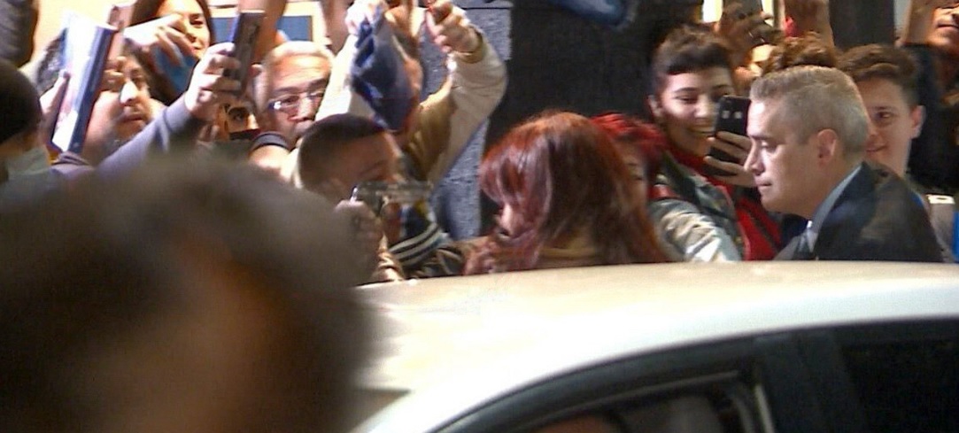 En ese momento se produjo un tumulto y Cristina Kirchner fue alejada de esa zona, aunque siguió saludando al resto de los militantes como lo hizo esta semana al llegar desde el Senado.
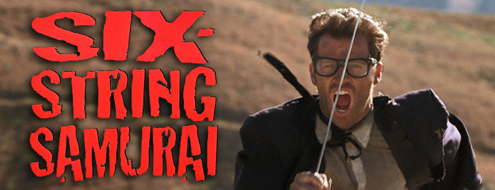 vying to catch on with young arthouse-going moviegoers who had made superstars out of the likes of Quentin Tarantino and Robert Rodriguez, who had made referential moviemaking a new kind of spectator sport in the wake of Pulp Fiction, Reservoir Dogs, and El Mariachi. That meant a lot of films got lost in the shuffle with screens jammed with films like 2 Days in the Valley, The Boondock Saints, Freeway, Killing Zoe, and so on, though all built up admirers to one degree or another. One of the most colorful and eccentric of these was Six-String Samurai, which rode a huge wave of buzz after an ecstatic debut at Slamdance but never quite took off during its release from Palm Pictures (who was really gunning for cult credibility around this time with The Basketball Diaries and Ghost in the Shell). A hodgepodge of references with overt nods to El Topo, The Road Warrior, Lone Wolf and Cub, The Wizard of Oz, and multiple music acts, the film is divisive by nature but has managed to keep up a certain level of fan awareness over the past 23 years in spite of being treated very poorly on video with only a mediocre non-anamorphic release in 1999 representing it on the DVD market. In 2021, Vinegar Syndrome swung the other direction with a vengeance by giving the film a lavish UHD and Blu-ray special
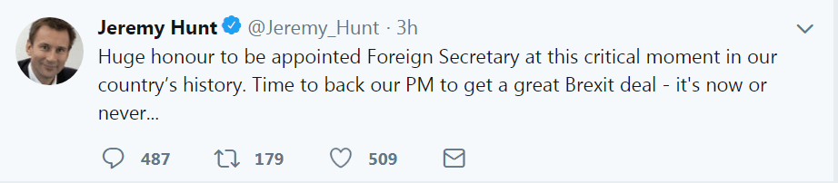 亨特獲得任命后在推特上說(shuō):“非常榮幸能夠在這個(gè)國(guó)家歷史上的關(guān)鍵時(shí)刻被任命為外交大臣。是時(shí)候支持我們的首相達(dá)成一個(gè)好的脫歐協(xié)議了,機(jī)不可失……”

## What you have to do
Give the data again word for word, without images.

## Output for this task
 En ese momento se produjo un tumulto y Cristina Kirchner fue alejada de esa zona, aunque siguió saludando al resto de los militantes como lo hizo esta semana al llegar desde el Senado.
 vying to catch on with young arthouse-going moviegoers who had made superstars out of the likes of Quentin Tarantino and Robert Rodriguez, who had made referential moviemaking a new kind of spectator sport in the wake of Pulp Fiction, Reservoir Dogs, and El Mariachi. That meant a lot of films got lost in the shuffle with screens jammed with films like 2 Days in the Valley, The Boondock Saints, Freeway, Killing Zoe, and so on, though all built up admirers to one degree or another. One of the most colorful and eccentric of these was Six-String Samurai, which rode a huge wave of buzz after an ecstatic debut at Slamdance but never quite took off during its release from Palm Pictures (who was really gunning for cult credibility around this time with The Basketball Diaries and Ghost in the Shell). A hodgepodge of references with overt nods to El Topo, The Road Warrior, Lone Wolf and Cub, The Wizard of Oz, and multiple music acts, the film is divisive by nature but has managed to keep up a certain level of fan awareness over the past 23 years in spite of being treated very poorly on video with only a mediocre non-anamorphic release in 1999 representing it on the DVD market. In 2021, Vinegar Syndrome swung the other direction with a vengeance by giving the film a lavish UHD and Blu-ray special
 亨特獲得任命后在推特上說(shuō):“非常榮幸能夠在這個(gè)國(guó)家歷史上的關(guān)鍵時(shí)刻被任命為外交大臣。是時(shí)候支持我們的首相達(dá)成一個(gè)好的脫歐協(xié)議了,機(jī)不可失……”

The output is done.